Fr. Tom Mckenna of the Eastern Province of the Congregation of the Mission, in a post that originally appeared on FamVin, reflects on our obstacles to listening.
“On Listening” (Luke 11: 16, 29-31)
One of the most gratifying compliments is to hear that you listen well. It conveys another’s feeling that something of his or her inner self has gotten through, that not just the words but the deeper resonances of those words have registered. Shallow listening habits are many and include such things as claiming the other’s experience (“That happened to me too and I know all about it”), not tuning into the feeling under the person’s voice, concluding that you’ve heard it all before, being mentally elsewhere, and so on. Fuller listening takes practice, discipline, openness, and a willingness to drop preconceptions.
In Luke’s gospel especially, Jesus praises listening and is critical of its opposite. The Pharisees have been after him for a “sign,” some clear-as-day revelation of God’s power. And Jesus goes back at them for their tone-deafness to the sounds of God ringing through their ears right then and there. He cites Jonah whose preaching in the streets of Nineveh caught the hearts of the hard-hearted citizens of that town. He brings up this foreigner Queen who when she walked into Solomon’s court dropped her certainties and let herself be moved by the graciousness of his wisdom. But now this God-filled person in their midst, Jesus himself, speaks God’s Word directly to them — and it bounces off. How is it that people so close up to the human presence of God can miss the force of his words and actions?

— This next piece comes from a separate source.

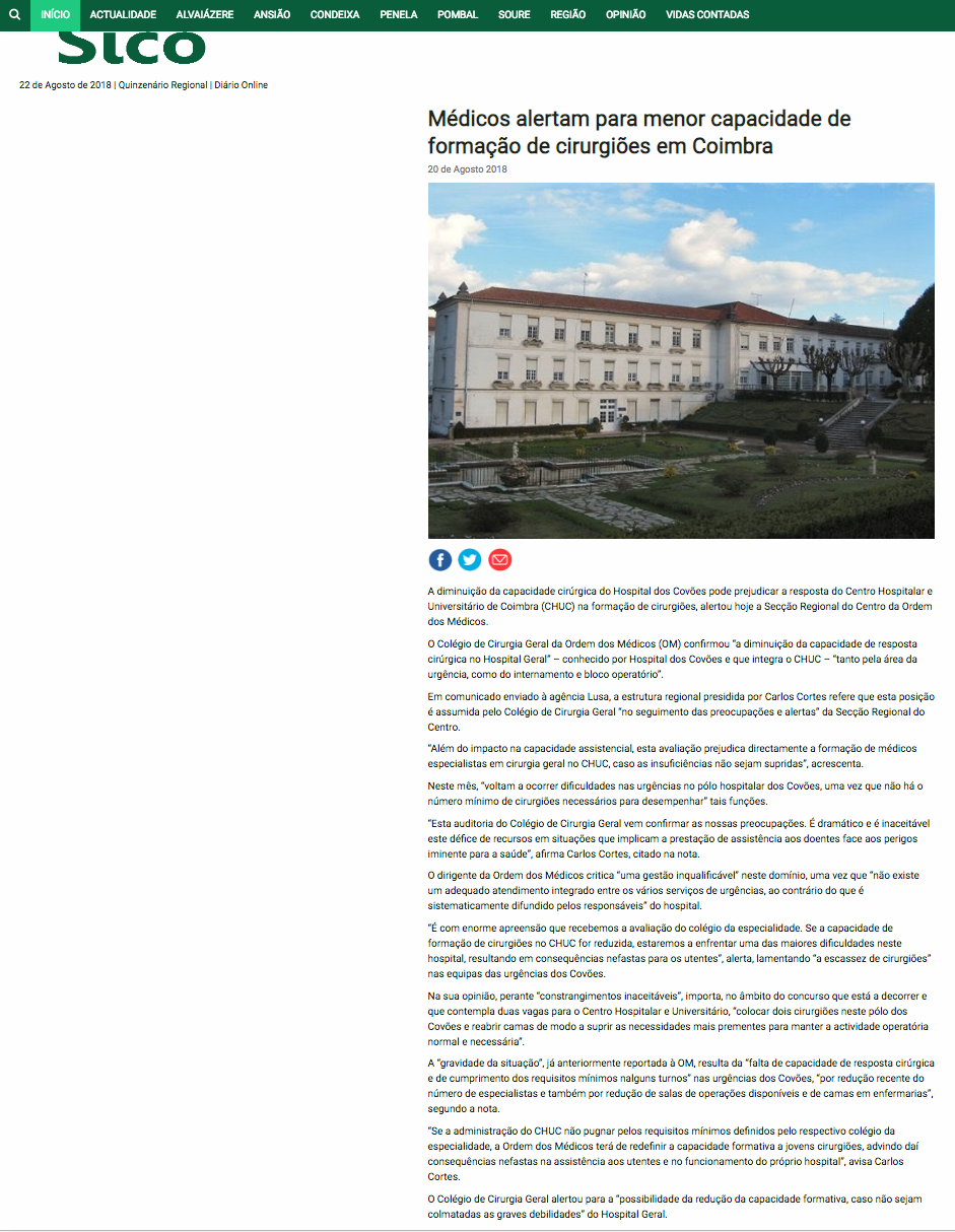 Médicos alertam para menor capacidade de formação de cirurgiões em Coimbra

It’s a question for anyone who would follow close behind the Lord Jesus. What preoccupations deaden our hearing to the words he speaks — and The Word he is?

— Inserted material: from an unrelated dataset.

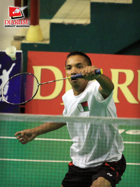 Pemain Madagaskar Haja Vanj Inirina Mare Alberto mengembalikan kok ke arah pemain Djarum Kudus, Gary dalam babak penyisihan tunggal dewasa putra Djarum Sirkuit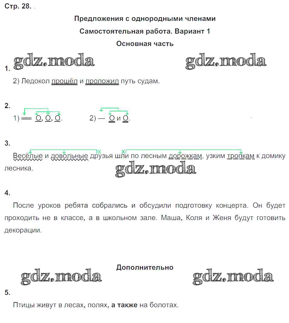 ГДЗ решение к заданию № 28 Русский язык 4 класс Тесты и самостоятельные работы для текущего контроля Калинина О.Б. (к уч. Желтовской) Дрофа 2017 ФГОС бесплатно на гдз.мода!

There’s what we might call over-familiarity. Because we’ve heard these gospel stories countless times over, it’s a temptation to think there’s little newness left in them. But as carriers of God’s limitless word, they have a depth and scope that always reaches out beyond our full comprehension. New situations in person’s life can shake new meanings out of these texts. New conditions in society can unlock significance previously missed. Plain old growing older causes a listener to hear these proclamations from this different ledge in life. Listened to with care, Gospel words can peel back the filters familiarity pastes on them.
Another is insufficient preparation, not getting ready. It’s been age old Christian practice to do things like: slow down one’s breathing, put oneself in the presence of God, express thanksgiving, ask the Spirit for openness, visualize the gospel scene, etc. Heartfelt listening requires a shift of consciousness, a move away from what’s taking my immediate attention to attune to what is being said. The hectic, hyper-connected pace of modern living raises the ante here. Not to slow down before approaching the Word of God most often blunts its impact and deadens its saving sound.
A third is having too narrow an expectation of where the Word is being spoken. For sure that saving message comes in the Scriptures and through the sacraments and religious reading. But as the Creator’s very presence, it shows itself in many more places. Vincent for one could read God’s writing on the hearts of the neglected of his time. Thomas Aquinas could decipher it in the writings of people outside the pale of Christianity. Theresa of Avila caught its demands in her work of organizing and stabilizing. Pope Francis detects it not only in the riches of nature but also in the emergency rooms of this world. God’s Word plays in ten thousand places, says the poet, and the effort to listen with a wider hearing is the call Jesus issues all through his ministry.
It’s those two distraught people walking the Emmaus road who put a face on Luke’s lesson. Tempted to “know it all” even before the Stranger begins to explain, they hold back and strain to keep their ears open to what he says. Doing that, they are soon enough opening their hearts to Who He is.